Apparently, India will not. The women sent several cartons through private passengers flying to Delhi and Calcutta where contact was made with charitable organisations. But Indians come to Singapore to shop, and not many will spare a few kilos of their baggage allowance for charity. In any case, that was before the North India winter crisis. When that happened, two SCWO volunteers went to India's high commission to ask if it could arrange for free cargo on Air-India, Indian or Jet flights to Delhi. The officer they met promised help but called back to say none of the airlines was willing because of expected Customs trouble. India doesn't allow free import of old clothes for charity.
 
That's the inexplicable psychology of rules for you. For many years, a foreign tourist who flew to Bagdogra could get an Inner Line permit for Darjeeling and Sikkim on arrival, but foreign tourists who travelled cheap by train or bus had to get a permit beforehand. Another eccentricity emerged over Customs clearance when I returned home after a little over a year abroad. The very pleasant official politely explained that I needed a certificate from my employers abroad saying my services had been "terminated." I showed him my contract with the expiry date but that wouldn't do. My job had to be terminated. I e-mailed the dean of the university faculty where I had been teaching to explain the problem and he said laughingly he could give me a certificate saying I had been sacked "" if that's what Indian Customs meant by terminated "" but then I could sue the university for all manner of damages!

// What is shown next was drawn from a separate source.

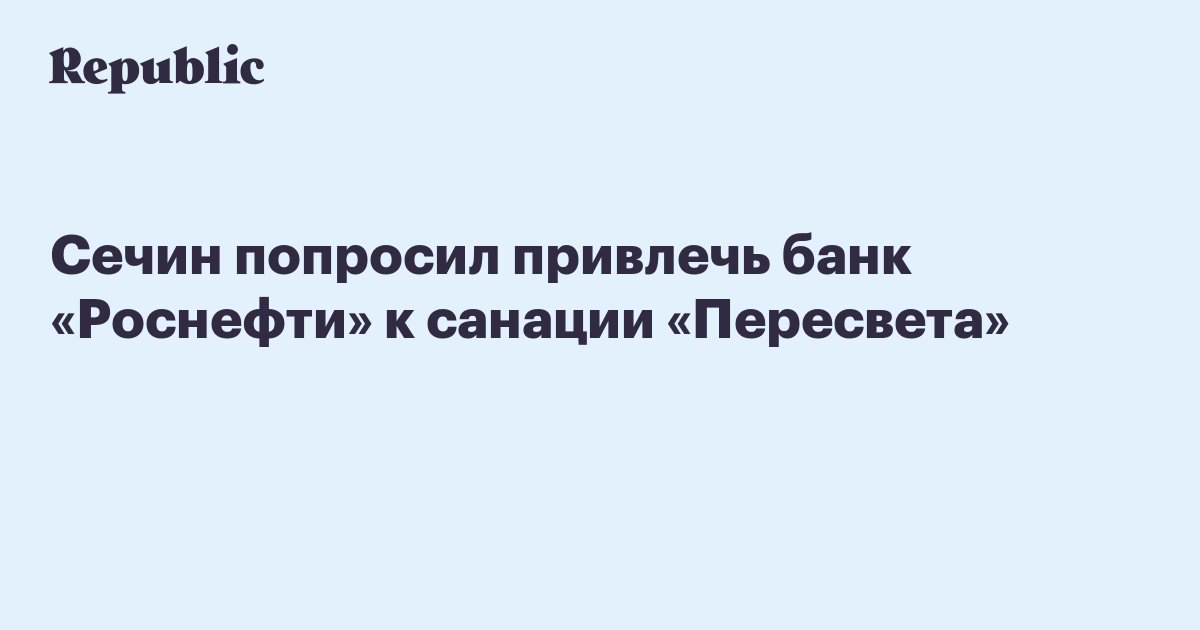 Сечин попросил привлечь банк «Роснефти» к санации «Пересвета»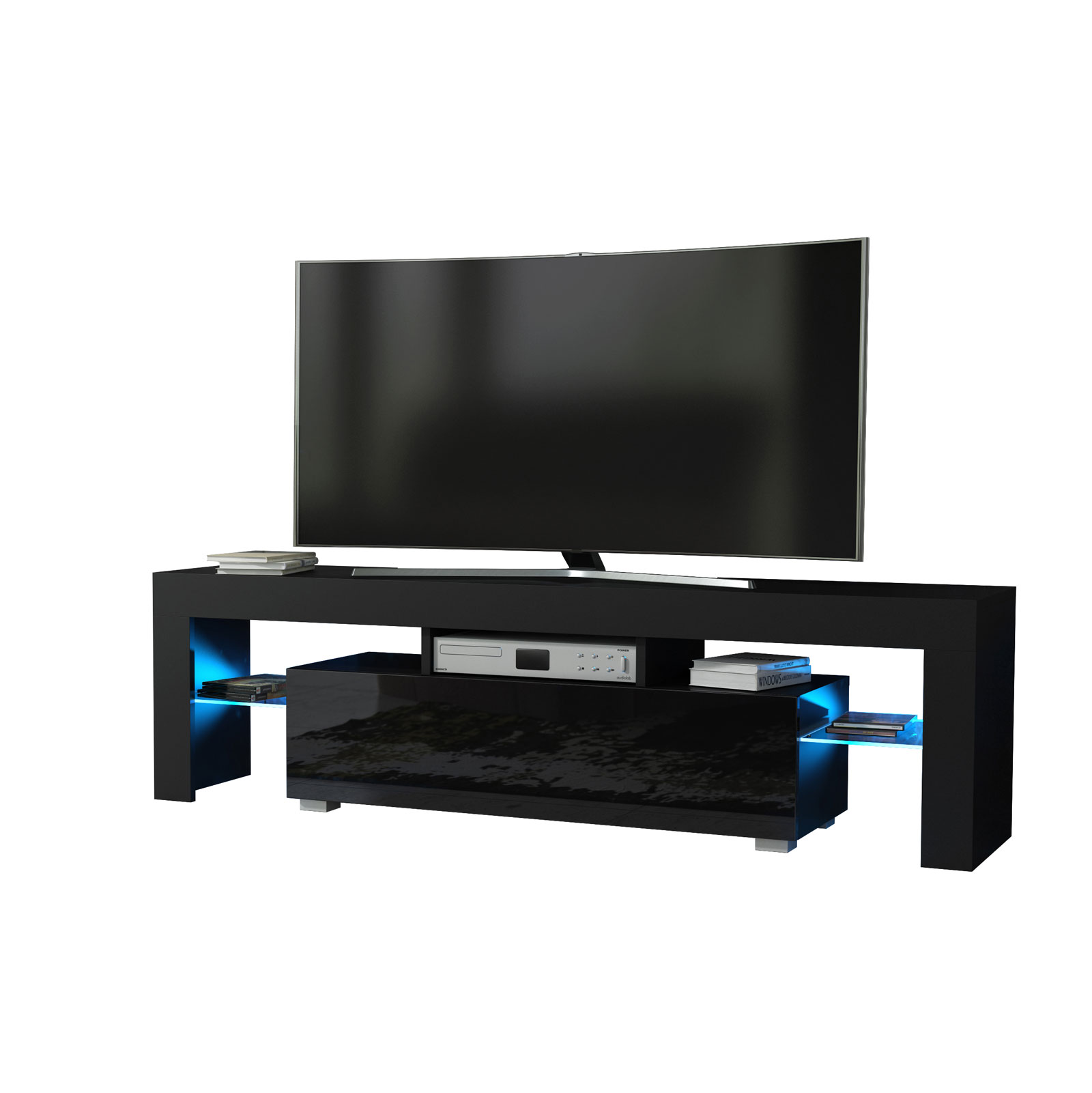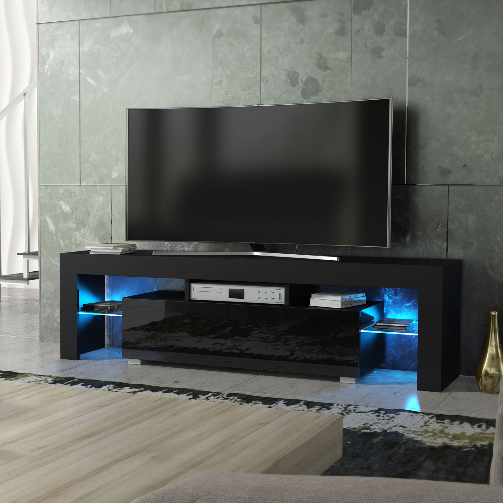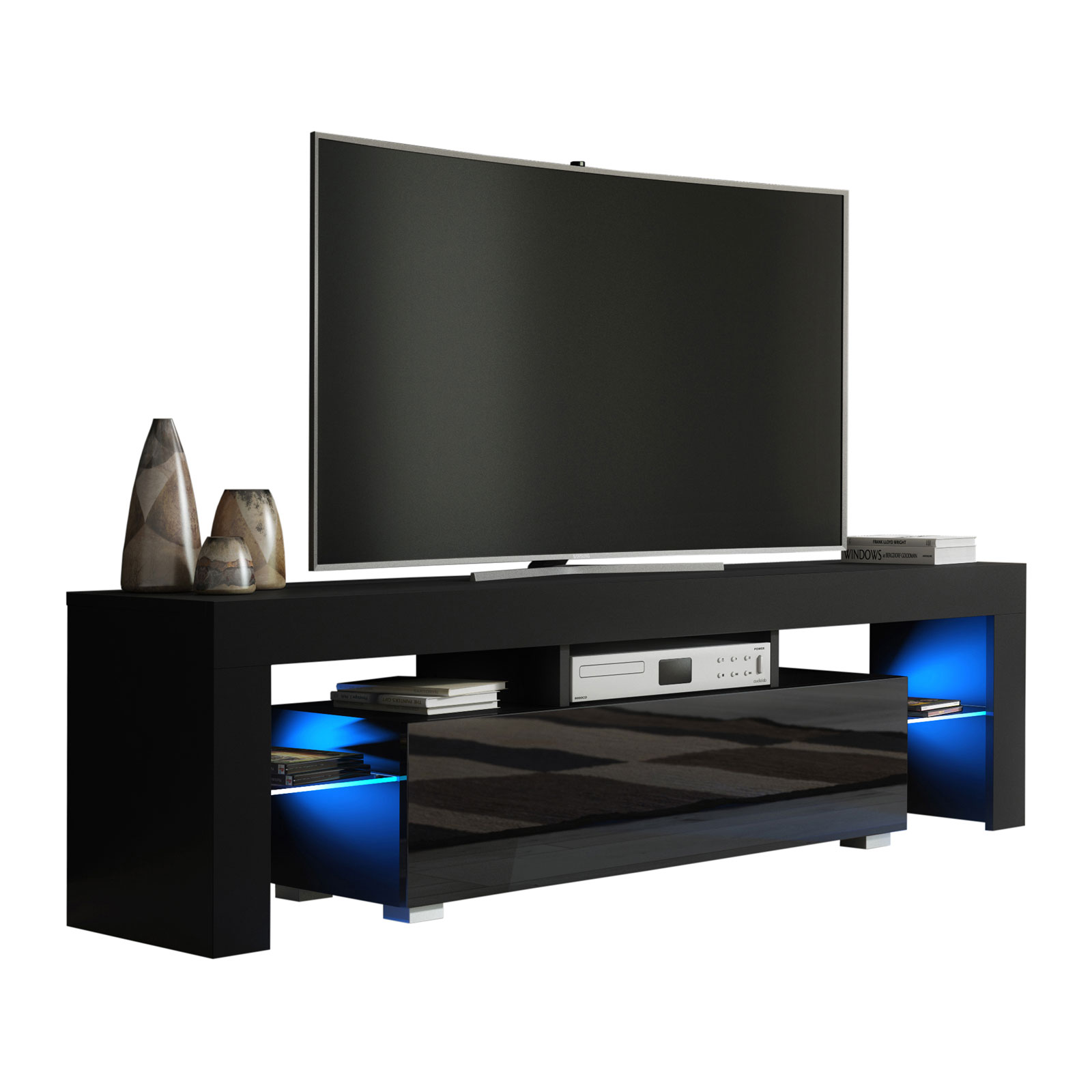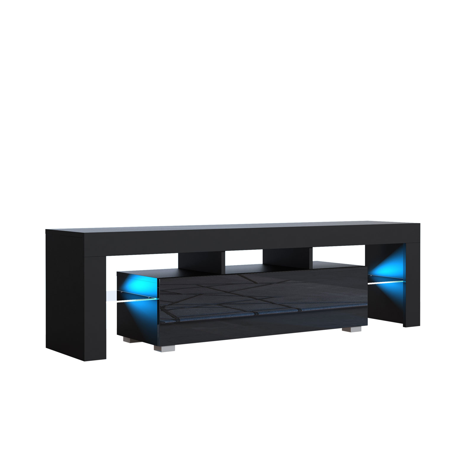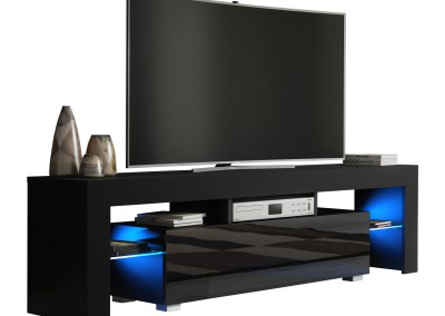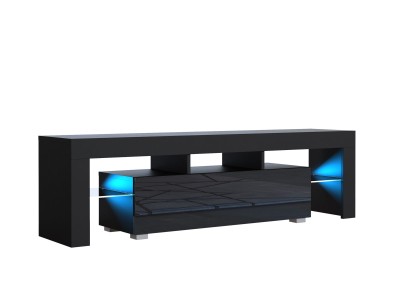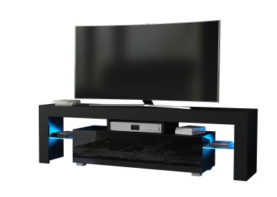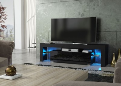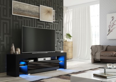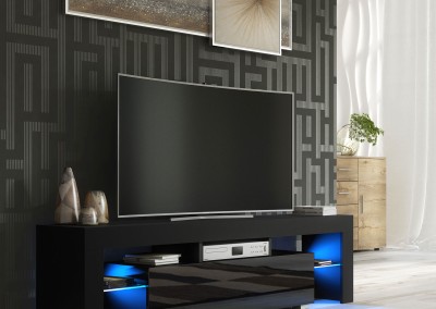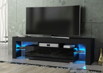 Bring bold contrast and ambient elegance into your living room with this modern 160 cm TV unit, featuring a black matt body and a sleek black high gloss door. The combination of dark tones and reflective surfaces gives this cabinet a strong contemporary presence. Enhanced by free LED lighting, it adds a warm, ambient glow to elevate your space.

The greatest absurdity is of pensioners having to turn up clutching certificates by gazetted officers testifying they are not dead.
 
The ban on free secondhand clothes falls into the same category. Yes, I know, officials will shake a sage head and murmur virtuously that someone might sell the old garments instead of distributing them free. That would certainly make me very sorry for the deprived poor suffering the cold, but I still wouldn't begrudge the seller the little profit he might make. However, I would ask why an all-powerful government can't institute effective checks at the receiving end to ensure gifts are not abused. A blanket ban is like curing a headache with decapitation. But while I labour the point, people in chilly Punjab and Uttar Pradesh are shivering because bureaucratic pig-headedness won't allow boxes of warm garments waiting here, all neatly packed at SCWO's New2U Thrift Shop, to be sent to them for free.